Nous ne pourrons nous en tirer en évitant la confrontation avec le régime iranien. Il n’y aura pas de stabilité en Irak, au Liban, ni dans l’Autorité Palestinienne, tant que nous n’aurons pas vaincu le régime Iranien. Les dirigeants iraniens se sentent en sécurité parce qu’on les laisse agir librement, en dépit de leur faiblesse actuelle. Le gouvernement des Ayatollahs n’est pas naturel et il ne jouit pas d’un large soutien populaire. Il ne durera pas éternellement. Mais sans pression extérieure, aucun changement n’interviendra. Les Iraniens et les Syriens, qui financent le terrorisme et mettent au défi l’ordre international, doivent être punis par la communauté internationale. Le fait qu’ils aient pu échapper à toute sanction pour leur implication dans la dernière guerre du Liban montre le manque de détermination de l’Occident.

 

A la lumière du conflit en cours entre sunnites et chiites dans notre région, Israël et l’Occident peuvent se trouver des intérêts communs avec les musulmans modérés, contre les radicaux. Cela pourrait ouvrir de nouvelles opportunités politiques, mais nécessite une action internationale coordonnée avec les pays qui sont aussi conscients de la menace iranienne.

 

Le conflit existe aussi à l’intérieur des sociétés musulmanes et arabes de notre région. Tout le monde n’est pas djihadiste, et il y a ceux qui préfèrent la démocratie et les droits de l’homme, et qui préfèrent la vie à la mort.

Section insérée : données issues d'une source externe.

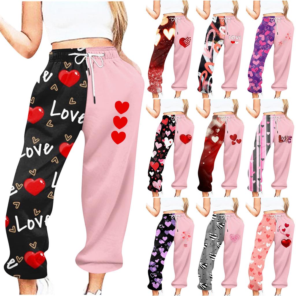 Женские повседневные модные повседневные брюки с принтом на День святого Валентина Брюки с завязками на шнурке — купить товар онлайн с бесплатной доставкой до всему миру!
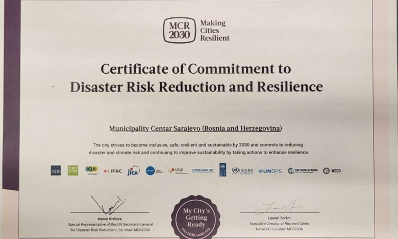 Općina Centar je kroz aktivnosti i koordinaciju sa Službom za civilnu zaštitu kao prva lokalna zajednica u Kantonu Sarajevo pristupila inicijativi (Making Cities Resilient 2030 – Učinimo gradove otpornim), a koju provodi kancelarija Ujedinjenih naroda za smanjenje rizika od katastrofa UNDRR (United Nation Office for Disaster Risk Reduction).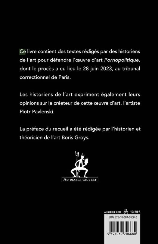 Ce livre contient des textes rédigés par des historiens de l’art pour défendre l’oeuvre d’art Pornopolitique, dont le procès a eu lieu le 28 juin 2023, au tribunal correctionnel de Paris.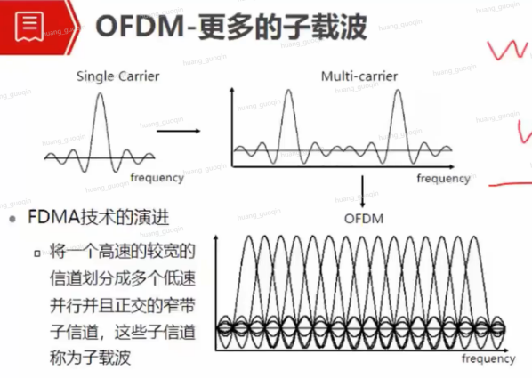 将个高速的较宽的信道划分成多个低速并行并且正交的窄带子信道,这些子信道称为子载波。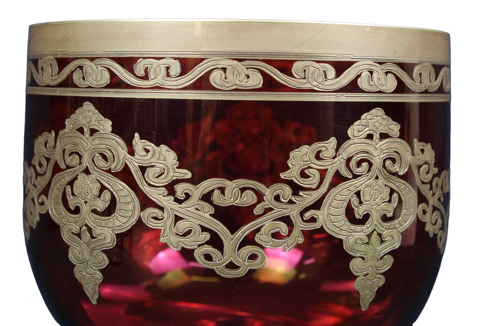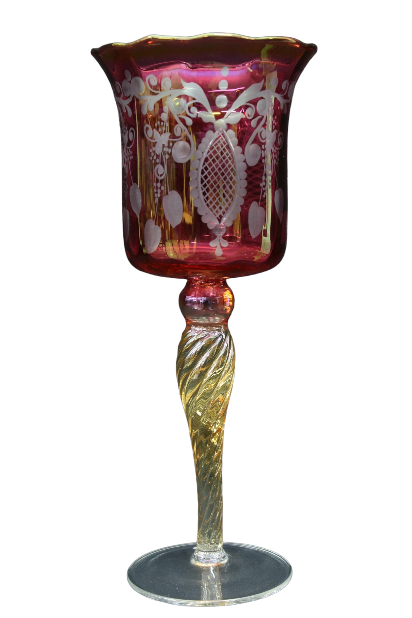 1 CALICE e 1 COPPIA in vetro decorato XX secolo Italia misure varie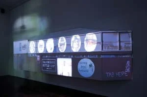 Sohan Ariel Hayes & Michael Woodley, Birndi Wirndi – Worlds Apart, 2010, dual channel HD video, PAL. with 2-channel audio, stereo, 14 mins duration archival vi deo, images, text, architectural model (foamcore and inkjet print), 8 x 3.5m; installation view, Spaced: art out of place, Fremantle Arts Centre, Perth, 2012; image courtesy the artists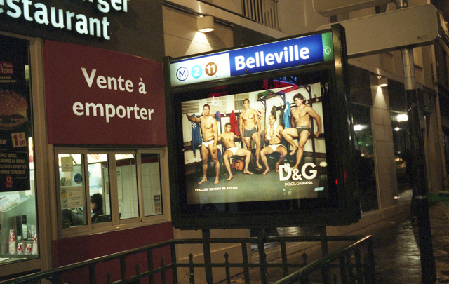 Belleville Metro and men in underpants, at night, Paris 10. April 2008.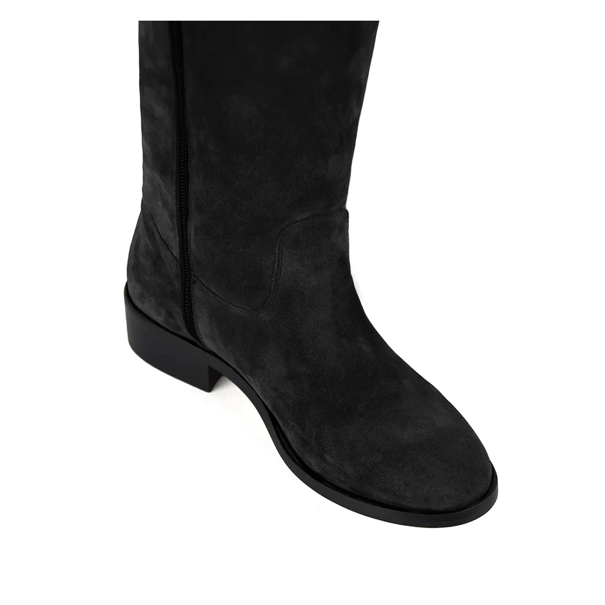 Questi stivali combinano lo stile classico da cavallerizza con la grinta dei cuissardes. Il gambale dritto in pelle segue la forma della gamba senza costringerla. Indossali con un abito in lana morbida o con un abito blazer per un look casual ma di carattere.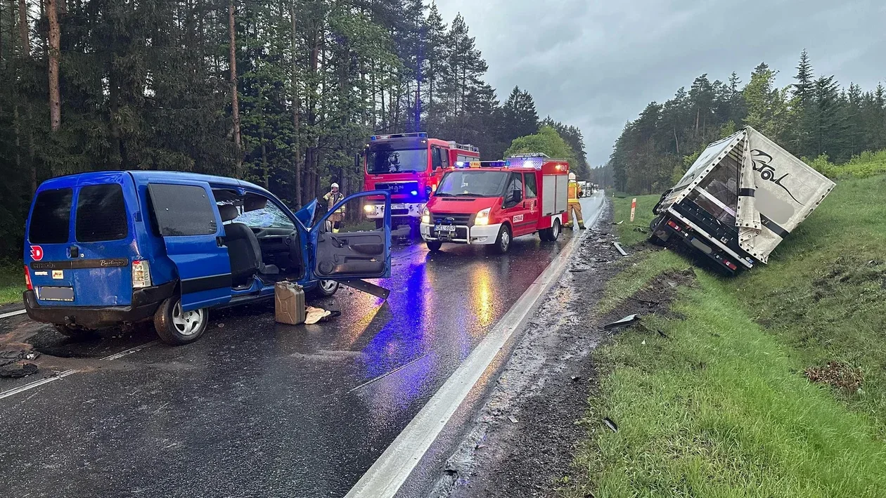 Krajowa ósemka. W poniedziałek, 15 kwietnia, między Polanicą-Zdrój a Szczytną, doszło do zderzenia trzech aut. Kierujący busem, jadąc w stronę Kudowy-Zdroju, wyprzedzał ciężarówki. Jadący lewym pasem kierowca volkswagena, chcąc uniknąć zderzenia zaczął hamować i uciekać w prawo.
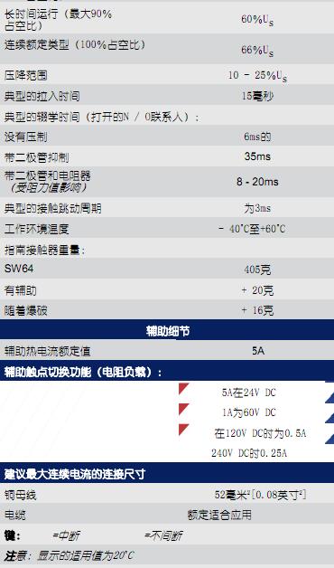 SW64是一款微型系列单极接触器 - - 无需站立,结构紧凑,旨在填补 30 安培继电器和 100 安培接触器之间的空隙。 设计用于中断和不间断负载, SW64适用于开关电阻,电容和电感负载。 典型应用包括开关小型牵引电机,液压动力单元和小型电动绞盘电机。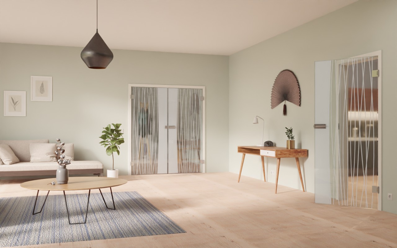 Wysokiej jakości drzwi szklane z odpornym na zarysowania motywem sitodrukowym: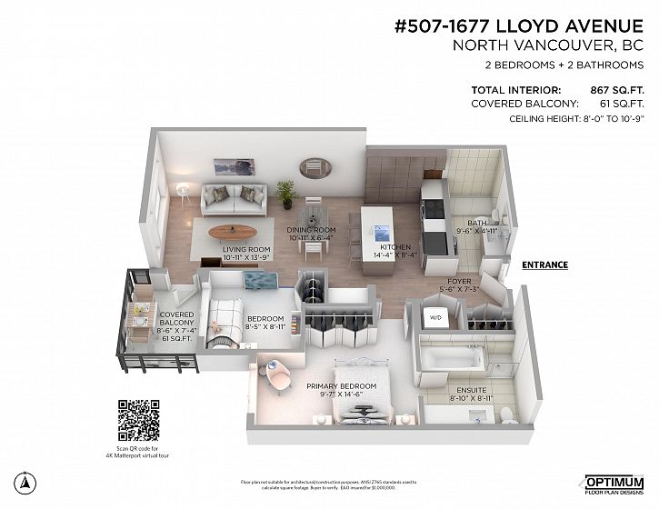 Elevate your lifestyle in this exquisite top-floor residence at District Crossing—a West Coast masterpiece by Qualex-Landmark and Marcon. This rare offering is defined by soaring 11' vaulted ceilings and an open plan that flows to a covered balcony, perfect for golden sunsets and city lights. The grand primary bedroom is a sanctuary with a spa-inspired ensuite, featuring a separate soaker tub & shower. The gourmet kitchen features a pantry wall & a central island. A dedicated flex space with built-in cabinetry offers a sophisticated home office. Enjoy a pet/rental-friendly building with a gym, lounge, parking & storage. Steps from the Spirit Trail & Heywood Park, with "hop-on" access to the Lions Gate Bridge for a 10-minute commute to Downtown. High-end living meets ultimate convenience.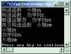 #include<iostream>#include<string>using namespacestd;classstuff { string name;intage;public: stuff(string n,inta):name(n),age(a) { cout << "构造函数 " << name << age << endl; } string getName() {returnname; }intgetAge() {returnage; } stuff&operator=(stuff& x); //赋值运算符重载 stuff(stuff& x):name(x.name),age(20) //拷贝构造函数重载 { cout << "拷贝构造函数 " << name << age << endl; } }; stuff& stuff::operator=(stuff& x) { age = x.age; cout << "赋值运算符 " << name << age << endl;return*this; }intmain ( ) { stuff st("小雅", 25); //调用通常的构造函数 stuff st1("劝学网", 2); //调用通常的构造函数 st1 = st; //因为不产生新的实例,所以调用的是赋值运算符 stuff st2 = st; //因为产生新的实例,所以调用的是拷贝构造函数 cout << st.getName() << st.getAge() << endl; cout << st1.getName() << st1.getAge() << endl; cout << st2.getName() << st2.getAge() << endl;return0; }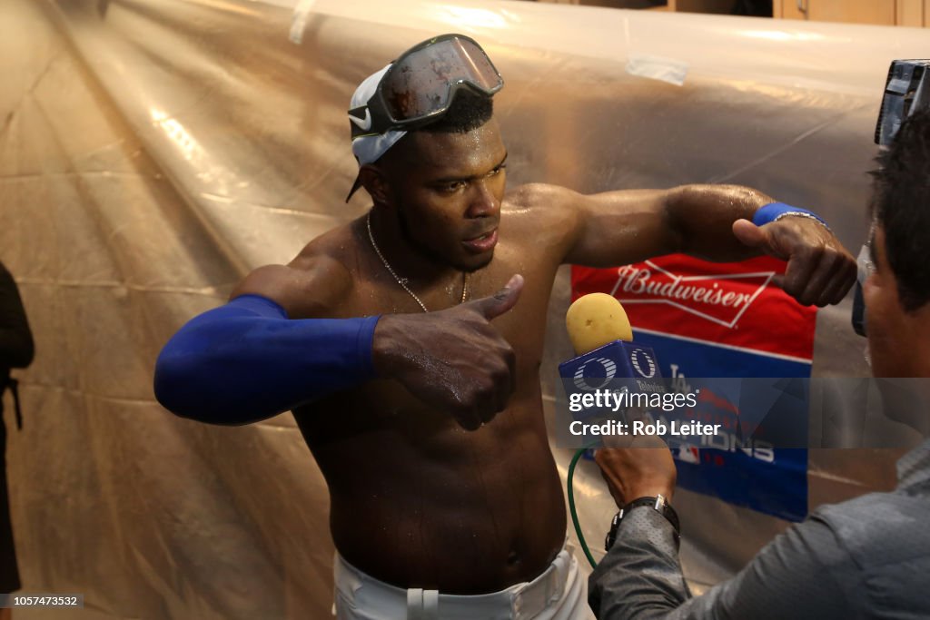 Puig hit .455 in the NLDS (5-for-11 with a double and triple in a three-game sweep of Arizona) and .389 in the NLCS (7-for-18 with a homer, six runs scored and 11 total bases in a four-game series win over Chicago).

La culture de la mort tourne à l’autodestruction. L’Occident doit renforcer ces musulmans modérés, pour qu’ils puissent gagner en force politique, et entreprendre les réformes nécessaires en matière d’éducation.

 

Une forte Armée de Défense d’Israël est un important élément de la sécurité d’Israël. Les échecs récents ne sont pas le résultat de problèmes fondamentaux, mais d’un leadership incompétent, et donc Tsahal sera de nouveau là quand nous aurons un nouveau leadership.

 

En résumé, aptitude à diriger et éducation sont les clés de la force d’Israël et de la victoire de l’Occident dans la Troisième Guerre mondiale

 

© Moshe Ya’alon

 

 

* Moshe Ya’alon est Lieutenant-Général (de réserve) et ancien Chef d’état-major de Tsahal. Il dirige le Centre Shalem.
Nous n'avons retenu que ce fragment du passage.